ACTELLES D’ANALYSE DES USAGES : LES PROJETS

PETITE SIRÈNE ET DIGITABLE

4.1 Introduction

Notre participation à plusieurs projets industriels au sein du LCPI, a alimenté notre réflexion sur les limites des méthodes actuelles de l’analyse des usages, présentées dans le chapitre 2. Pour vérifier les hypothèses présentées dans le chapitre 3, nous avons opté pour une démarche expérimentale. Celle-ci est fondée sur une analyse de l’activité de concepteurs, participant à des réunions de conception dont l’objectif est d’anticiper les usages des produits décrits dans un brief. Les équipes de participants ont travaillé sur les deux projets suivants :

 Le projet PETITE SIRENE, dont l’objectif était la conception d’un dispositif innovant pour la prévention de la noyade infantile ;

 Le projet DIGITABLE, qui visait quant à lui à concevoir un dispositif de type « table interactive » avec des fonctionnalités multi-touch et multi-utilisateurs.

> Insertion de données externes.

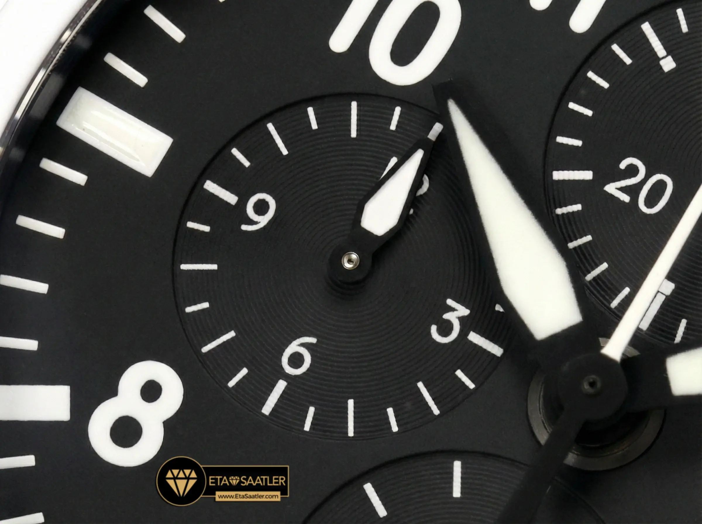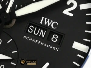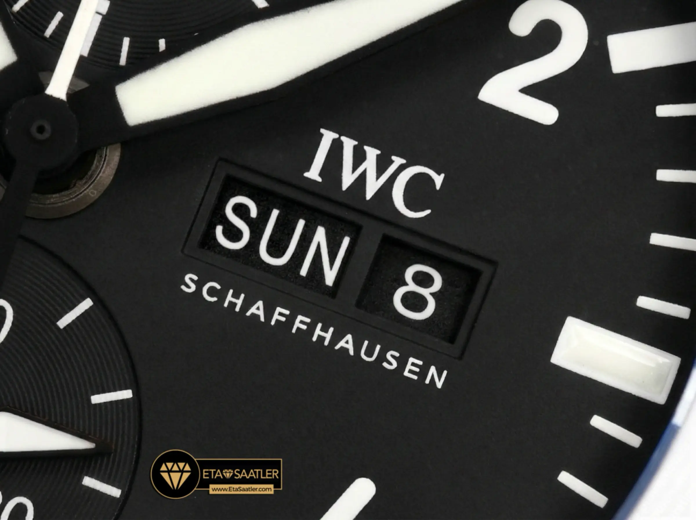 Saatin yüzü, beyaz kasanın aksine derin mat siyah kadran ile tasarlanmıştır. Bu zıtlık, pilot saatlerinin vazgeçilmezi olan okunabilirliği en üst seviyeye taşır. Siyah zemin üzerindeki beyaz ibreler ve indeksler, lüminesans kaplaması sayesinde her türlü ışık koşulunda net bir görüş sağlar. Saat 3 yönündeki gün ve tarih penceresi ile kronograf alt kadranları, işlevselliği estetikle buluşturur. Kadrandaki her detay, IWC’nin fonksiyonel tasarım anlayışını APS Factory hassasiyetiyle yansıtır.
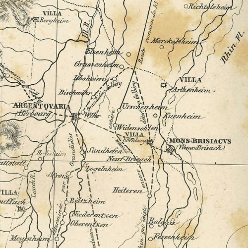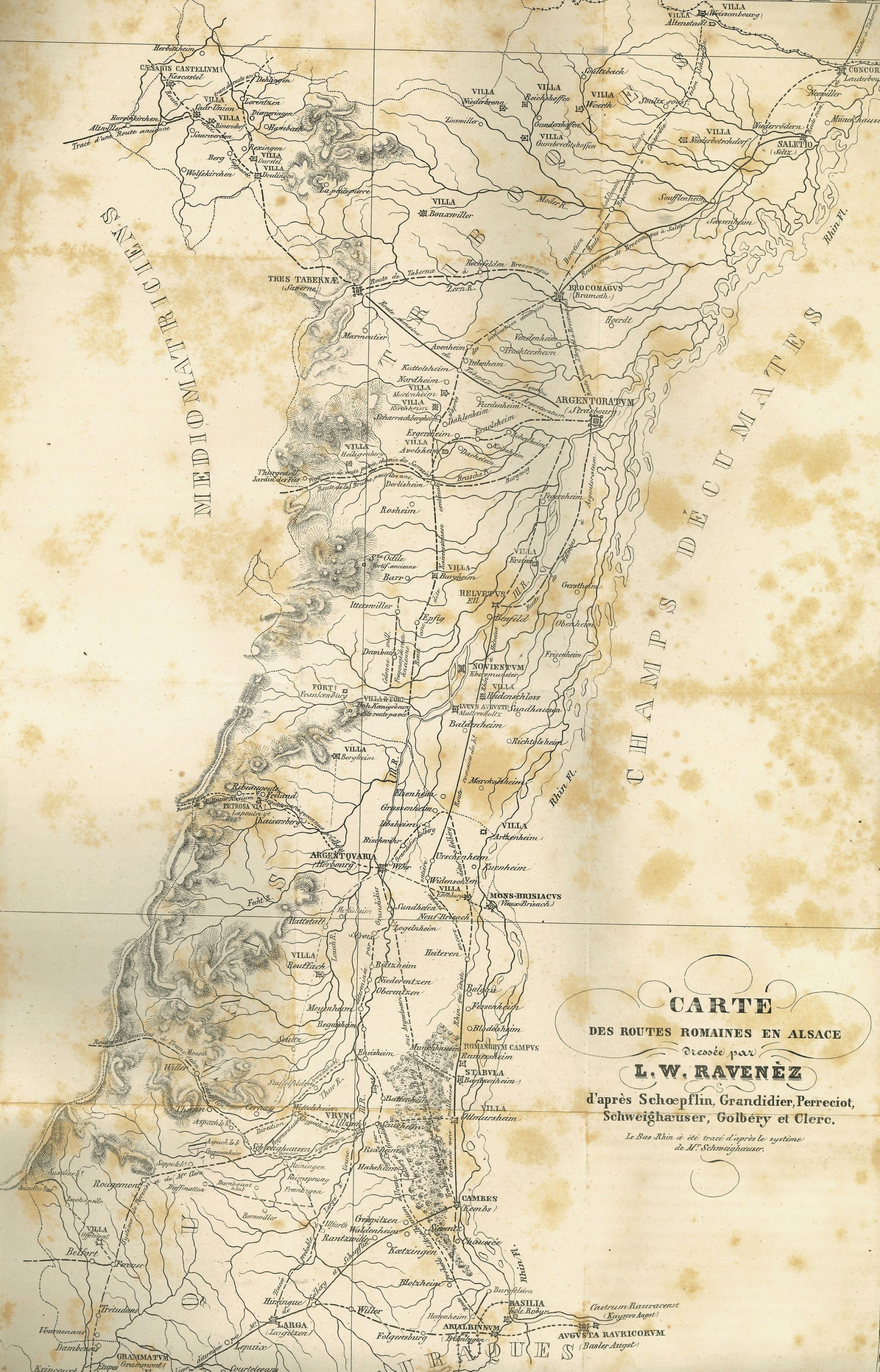 Sur une carte établie au XIXème siècle par LW RAVENEZ nous pouvons lire qu'une « grande voie militaire romaine qui existe encore presque entière » longe Urschenheim.
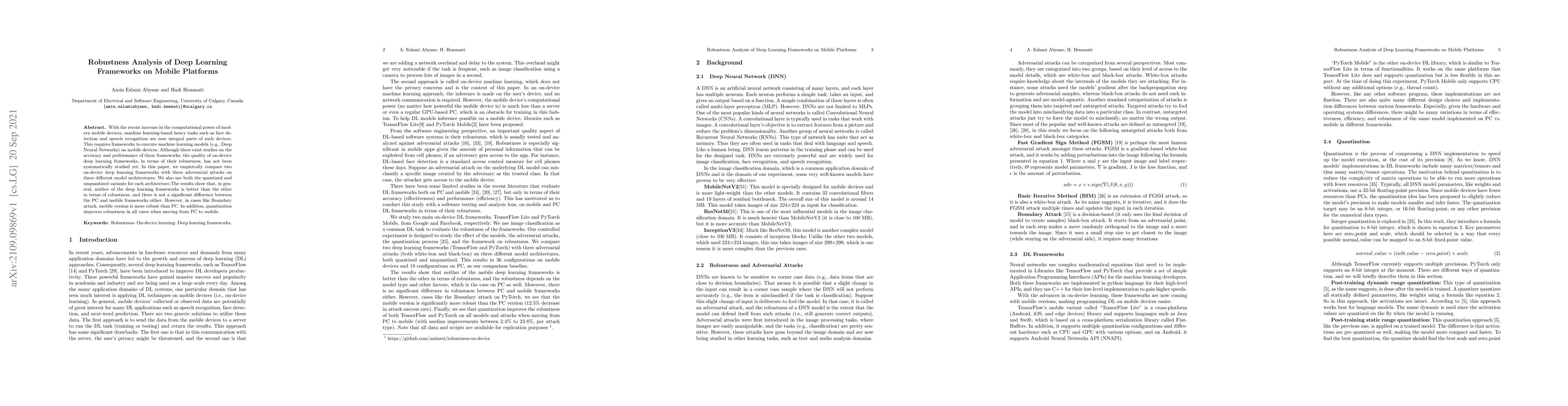 With the recent increase in the computational power of modern mobile devices, machine learning-based heavy tasks such as face detection and speech recognition are now integral parts of such devices. This requires frameworks to execute machine learning models (e.g., Deep Neural Networks) on mobile devices. Although there exist studies on the accuracy and performance of these frameworks, the quality of on-device deep learning frameworks, in terms of their robustness, has not been systematically studied yet. In this paper, we empirically compare two on-device deep learning frameworks with three adversarial attacks on three different model architectures. We also use both the quantized and unquantized variants for each architecture. The results show that, in general, neither of the deep learning frameworks is better than the other in terms of robustness, and there is not a significant difference between the PC and mobile frameworks either. However, in cases like Boundary attack, mobile version is more robust than PC. In addition, quantization improves robustness in all cases when moving from PC to mobile.
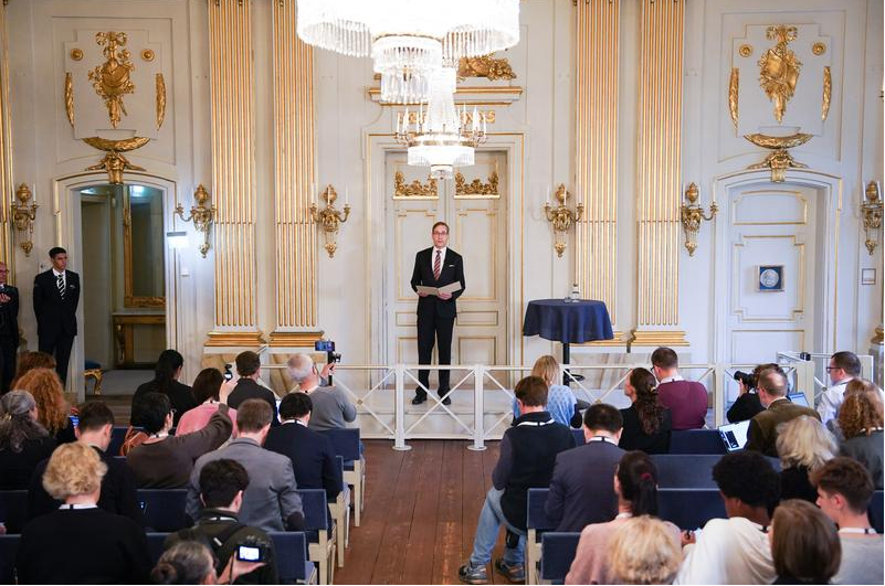 10月10日,瑞典文学院常任秘书马茨·马尔姆在斯德哥尔摩举行的新闻发布会上揭晓获奖者。瑞典文学院10日宣布,将2024年诺贝尔文学奖授予韩国女作家韩江,她成为首位获得诺贝尔文学奖的韩国作家。新华社记者彭子洋摄
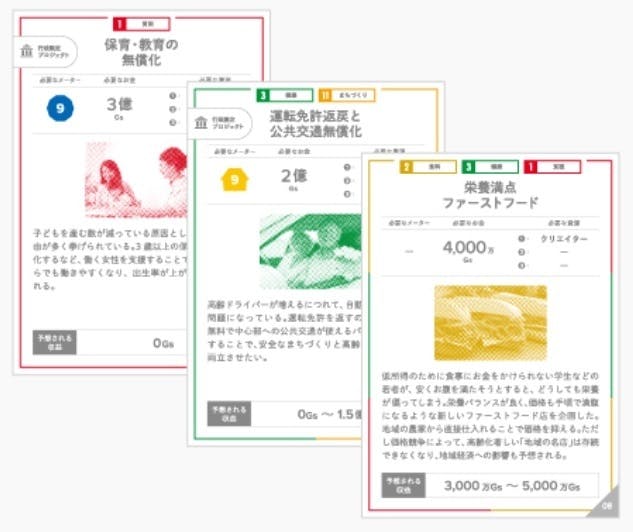 多様なプロジェクトの実行を通じて“行政と市民による協働”を体感できるカードゲームです。
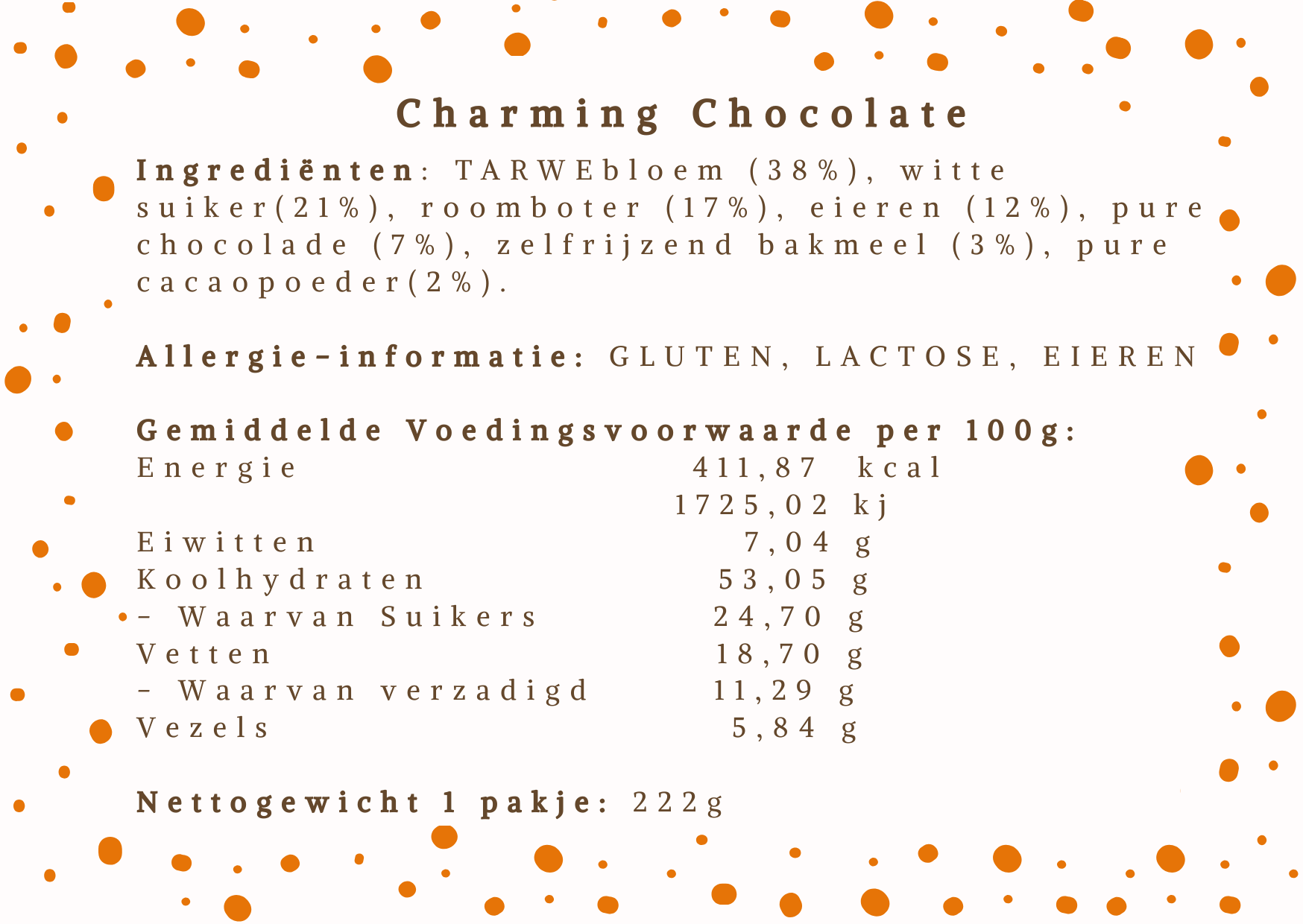 Indien je graag de voedingswaarde van de koekjes 'Charming Chocolate' wilt downloaden:

Ce chapitre vise à montrer en quoi le travail effectué au LCPI sur ces deux projets, avant ces deux expérimentations, interroge les limites actuelles de l’analyse des usages. Dans un premier temps, nous présentons successivement le travail réalisé sur chacun des deux projets avant de montrer en quoi les difficultés rencontrées par les concepteurs peuvent être considérées comme des manifestations des limites de l’analyse des usages mentionnées à la fin de notre état de l’art.